Elaboration of molecular glues that target TRIM21 into TRIMTACs that degrade protein aggregates.

Approaches for the discovery of molecular glues remain limited. Here we report a phenotypic screening approach in which cytotoxins whose mechanisms require ubiquitination show a gain of viability following pharmacological inhibition of the Ubiquitin-like modifier activating enzyme (UBA1/UAE). This approach reveals PRLX-93936 and BMS-214662 as molecular glues that directly target the E3 ligase TRIM21 to induce degradation of nucleoporin proteins and inhibit nuclear trafficking. The cytotoxicity of these agents correlates strongly with TRIM21 expression, suggesting re-evaluation of these clinically tested agents in patients with TRIM21-high cancers.
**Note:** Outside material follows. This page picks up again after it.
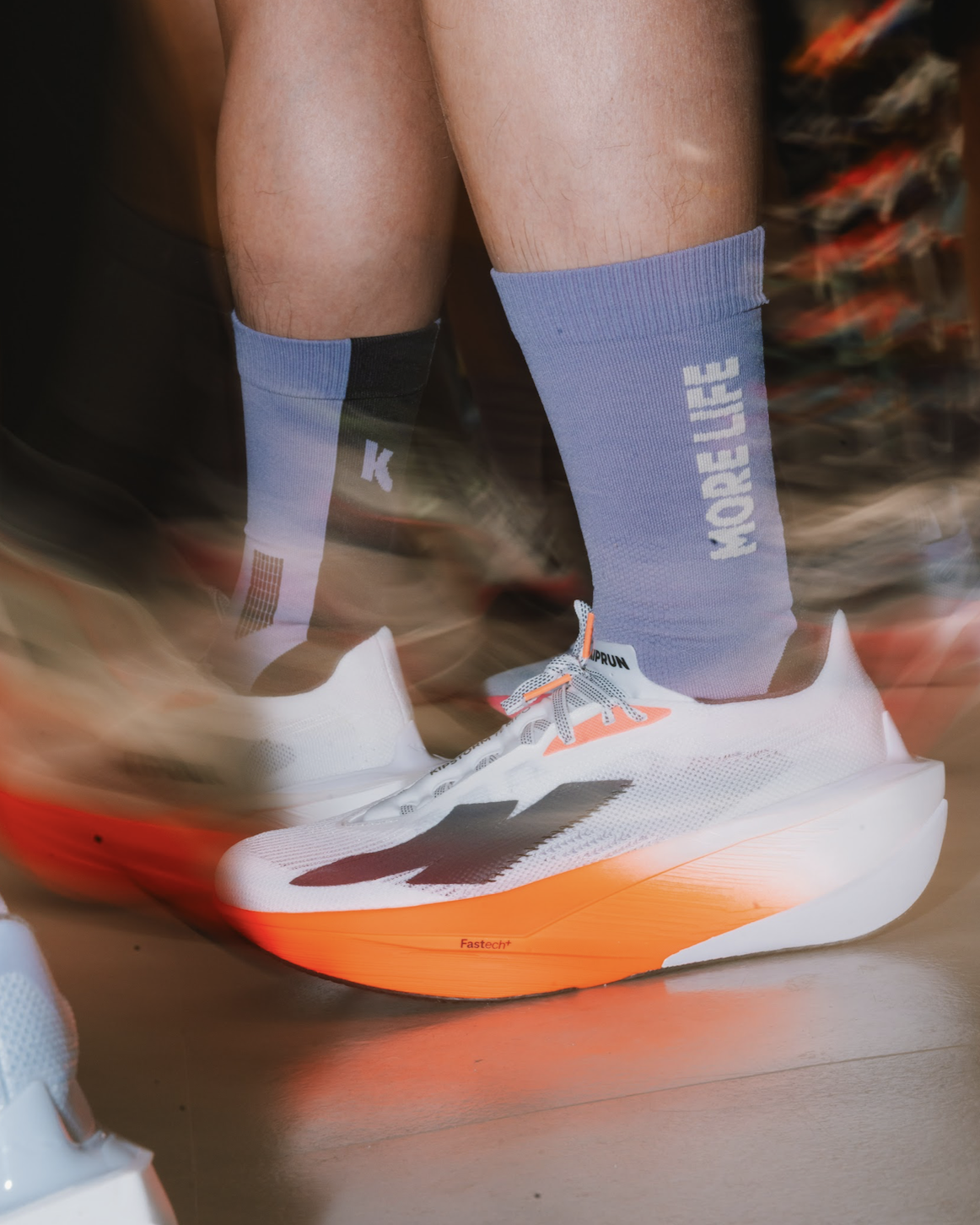 筆者特別喜愛跑鞋襪套式無鞋舌針織鞋面強化包覆與透氣度,適合間歇訓練與中高速配速跑需求。同時,Kipstorm Tempo 擁有系列最高的 45mm 後跟厚度,仍維持 225 克輕量,在提供穩定保護的同時,為日常節奏跑與速度訓練帶來強勁爆發力。
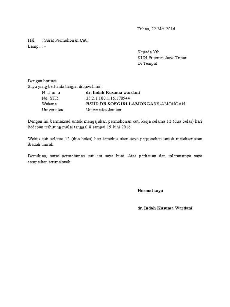 27 Draf Surat Permohonan Cuti Kerja By Arif Edison Lawyer Issuu

Relative to recently disclosed TRIM21-targeting glues, PRLX-93936 and newly-synthesized analogs represent a distinct structural series, lack known cellular off-targets, and offer greatly enhanced potency. Additionally, we elaborate PRLX-93936 to a heterobifunctional degrader that uses wild-type TRIM21 to degrade a multimeric protein. Together, our work creates opportunities for targeted protein degradation and enables the design of additional TRIM21-targeting glues and Proteolysis-Targeting Chimeras (PROTACs).